┌──
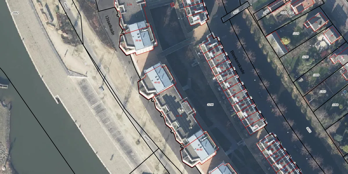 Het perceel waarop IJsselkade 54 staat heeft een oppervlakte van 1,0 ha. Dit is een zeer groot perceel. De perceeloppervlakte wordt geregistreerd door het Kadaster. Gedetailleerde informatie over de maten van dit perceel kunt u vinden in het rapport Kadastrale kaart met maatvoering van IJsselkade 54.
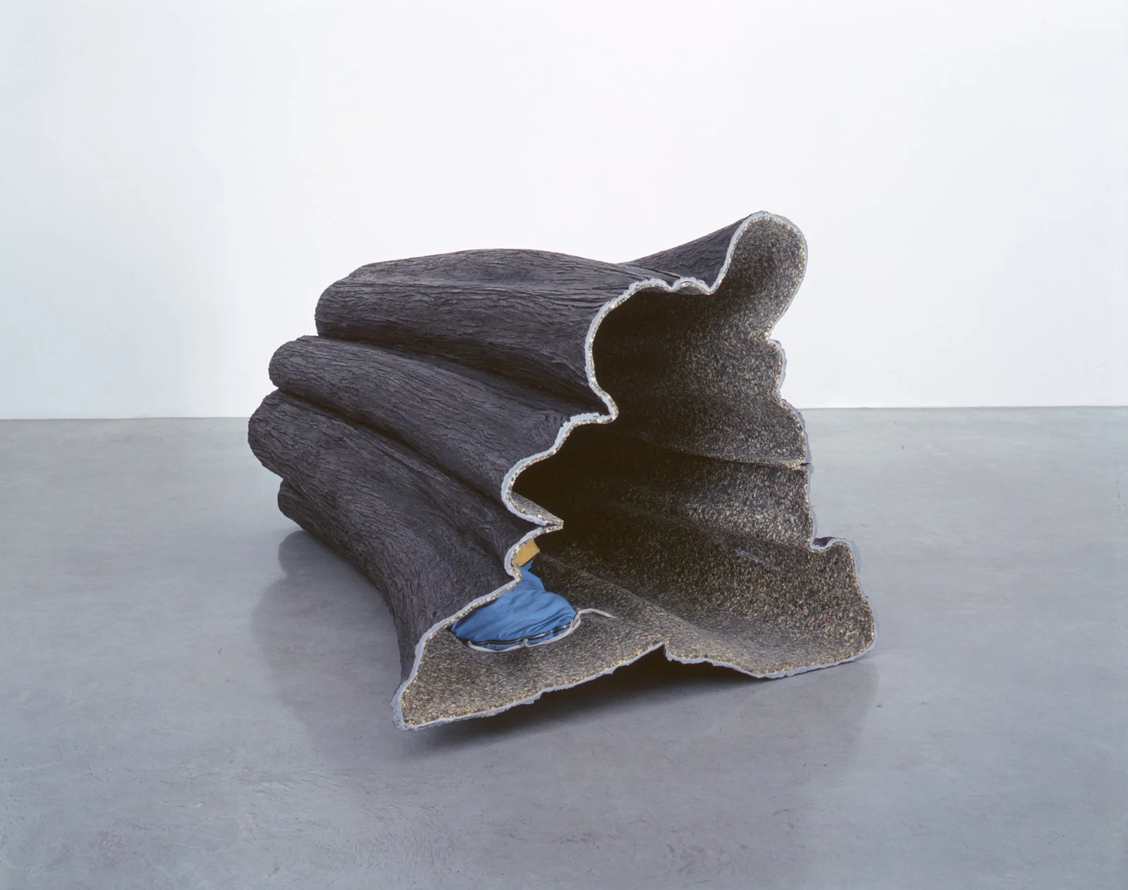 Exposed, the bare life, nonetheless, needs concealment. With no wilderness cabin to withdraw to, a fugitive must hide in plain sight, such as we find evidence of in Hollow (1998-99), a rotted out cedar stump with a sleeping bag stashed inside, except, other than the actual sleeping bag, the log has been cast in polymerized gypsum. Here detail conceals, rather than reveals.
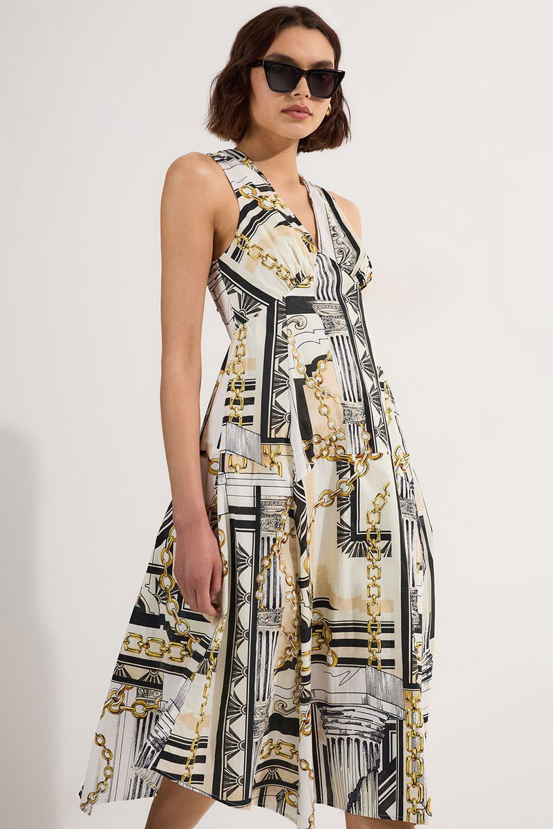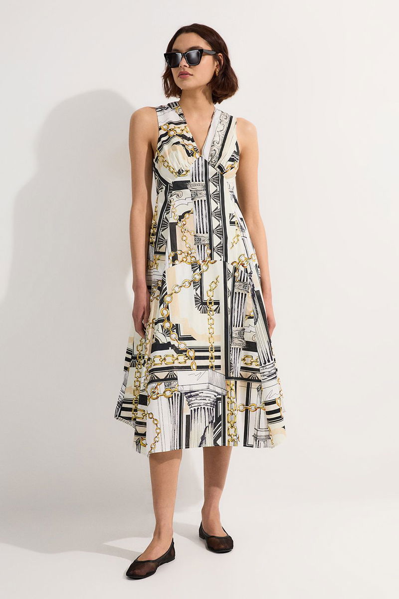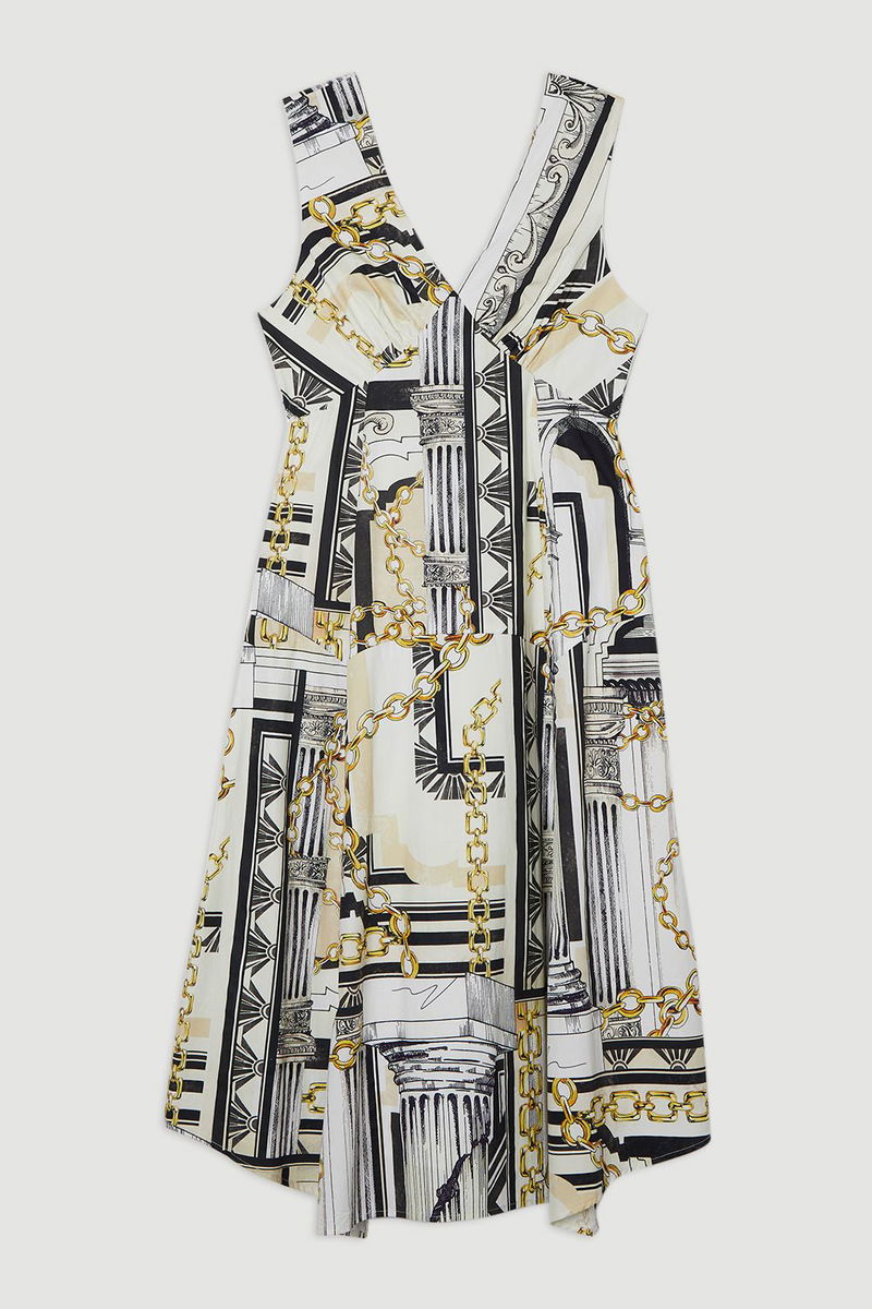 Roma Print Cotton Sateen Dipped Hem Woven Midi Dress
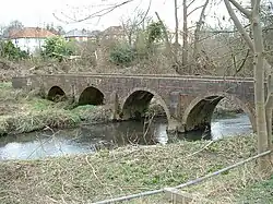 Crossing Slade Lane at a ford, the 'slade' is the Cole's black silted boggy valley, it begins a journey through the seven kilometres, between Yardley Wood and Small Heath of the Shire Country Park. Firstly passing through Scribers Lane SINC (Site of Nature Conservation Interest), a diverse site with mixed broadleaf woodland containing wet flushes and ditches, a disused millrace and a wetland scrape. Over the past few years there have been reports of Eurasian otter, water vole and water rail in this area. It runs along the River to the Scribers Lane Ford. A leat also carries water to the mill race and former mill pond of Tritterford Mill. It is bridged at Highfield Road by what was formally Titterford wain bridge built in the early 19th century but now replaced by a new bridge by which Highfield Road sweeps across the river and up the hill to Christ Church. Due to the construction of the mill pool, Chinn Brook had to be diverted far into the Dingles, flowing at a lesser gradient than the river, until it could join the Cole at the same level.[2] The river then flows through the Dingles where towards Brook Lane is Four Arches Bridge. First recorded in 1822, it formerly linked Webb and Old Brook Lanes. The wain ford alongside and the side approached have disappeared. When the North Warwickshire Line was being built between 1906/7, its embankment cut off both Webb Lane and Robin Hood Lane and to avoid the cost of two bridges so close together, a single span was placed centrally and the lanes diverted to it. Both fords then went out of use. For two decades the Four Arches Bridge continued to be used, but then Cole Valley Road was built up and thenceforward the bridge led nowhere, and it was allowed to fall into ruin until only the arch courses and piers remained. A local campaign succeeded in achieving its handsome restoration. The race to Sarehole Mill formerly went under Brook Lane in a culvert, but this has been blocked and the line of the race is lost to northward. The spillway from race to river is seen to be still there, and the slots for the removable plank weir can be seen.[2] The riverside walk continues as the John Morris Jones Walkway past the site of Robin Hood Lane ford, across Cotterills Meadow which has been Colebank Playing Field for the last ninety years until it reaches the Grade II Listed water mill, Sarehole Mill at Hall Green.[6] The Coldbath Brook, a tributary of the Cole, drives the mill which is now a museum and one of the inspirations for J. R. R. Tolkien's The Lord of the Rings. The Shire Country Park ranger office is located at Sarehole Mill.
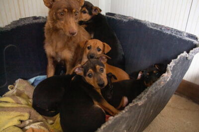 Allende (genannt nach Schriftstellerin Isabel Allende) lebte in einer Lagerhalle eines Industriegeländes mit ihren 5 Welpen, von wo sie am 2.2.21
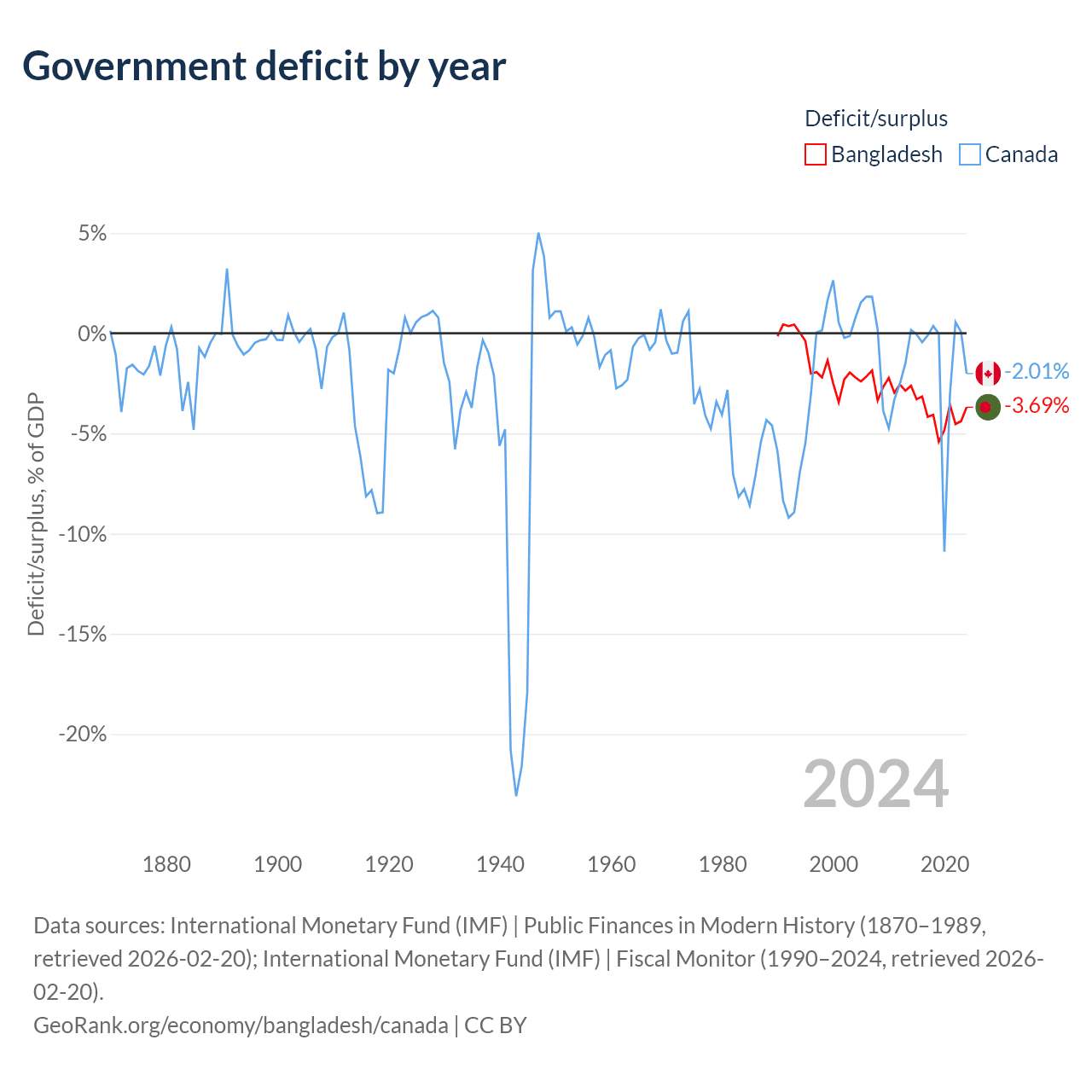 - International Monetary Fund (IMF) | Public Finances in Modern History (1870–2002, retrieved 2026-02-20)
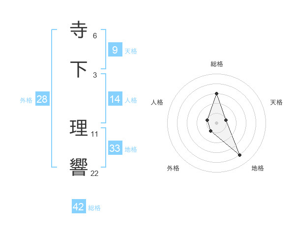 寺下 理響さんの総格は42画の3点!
└──
» **TASK GOAL**:
Restate the listing word for word, pictures excluded.

» **ANSWER TO THE PROBLEM**:
 Het perceel waarop IJsselkade 54 staat heeft een oppervlakte van 1,0 ha. Dit is een zeer groot perceel. De perceeloppervlakte wordt geregistreerd door het Kadaster. Gedetailleerde informatie over de maten van dit perceel kunt u vinden in het rapport Kadastrale kaart met maatvoering van IJsselkade 54.
 Exposed, the bare life, nonetheless, needs concealment. With no wilderness cabin to withdraw to, a fugitive must hide in plain sight, such as we find evidence of in Hollow (1998-99), a rotted out cedar stump with a sleeping bag stashed inside, except, other than the actual sleeping bag, the log has been cast in polymerized gypsum. Here detail conceals, rather than reveals.
 Roma Print Cotton Sateen Dipped Hem Woven Midi Dress
 Crossing Slade Lane at a ford, the 'slade' is the Cole's black silted boggy valley, it begins a journey through the seven kilometres, between Yardley Wood and Small Heath of the Shire Country Park. Firstly passing through Scribers Lane SINC (Site of Nature Conservation Interest), a diverse site with mixed broadleaf woodland containing wet flushes and ditches, a disused millrace and a wetland scrape. Over the past few years there have been reports of Eurasian otter, water vole and water rail in this area. It runs along the River to the Scribers Lane Ford. A leat also carries water to the mill race and former mill pond of Tritterford Mill. It is bridged at Highfield Road by what was formally Titterford wain bridge built in the early 19th century but now replaced by a new bridge by which Highfield Road sweeps across the river and up the hill to Christ Church. Due to the construction of the mill pool, Chinn Brook had to be diverted far into the Dingles, flowing at a lesser gradient than the river, until it could join the Cole at the same level.[2] The river then flows through the Dingles where towards Brook Lane is Four Arches Bridge. First recorded in 1822, it formerly linked Webb and Old Brook Lanes. The wain ford alongside and the side approached have disappeared. When the North Warwickshire Line was being built between 1906/7, its embankment cut off both Webb Lane and Robin Hood Lane and to avoid the cost of two bridges so close together, a single span was placed centrally and the lanes diverted to it. Both fords then went out of use. For two decades the Four Arches Bridge continued to be used, but then Cole Valley Road was built up and thenceforward the bridge led nowhere, and it was allowed to fall into ruin until only the arch courses and piers remained. A local campaign succeeded in achieving its handsome restoration. The race to Sarehole Mill formerly went under Brook Lane in a culvert, but this has been blocked and the line of the race is lost to northward. The spillway from race to river is seen to be still there, and the slots for the removable plank weir can be seen.[2] The riverside walk continues as the John Morris Jones Walkway past the site of Robin Hood Lane ford, across Cotterills Meadow which has been Colebank Playing Field for the last ninety years until it reaches the Grade II Listed water mill, Sarehole Mill at Hall Green.[6] The Coldbath Brook, a tributary of the Cole, drives the mill which is now a museum and one of the inspirations for J. R. R. Tolkien's The Lord of the Rings. The Shire Country Park ranger office is located at Sarehole Mill.
 Allende (genannt nach Schriftstellerin Isabel Allende) lebte in einer Lagerhalle eines Industriegeländes mit ihren 5 Welpen, von wo sie am 2.2.21
 - International Monetary Fund (IMF) | Public Finances in Modern History (1870–2002, retrieved 2026-02-20)
 寺下 理響さんの総格は42画の3点!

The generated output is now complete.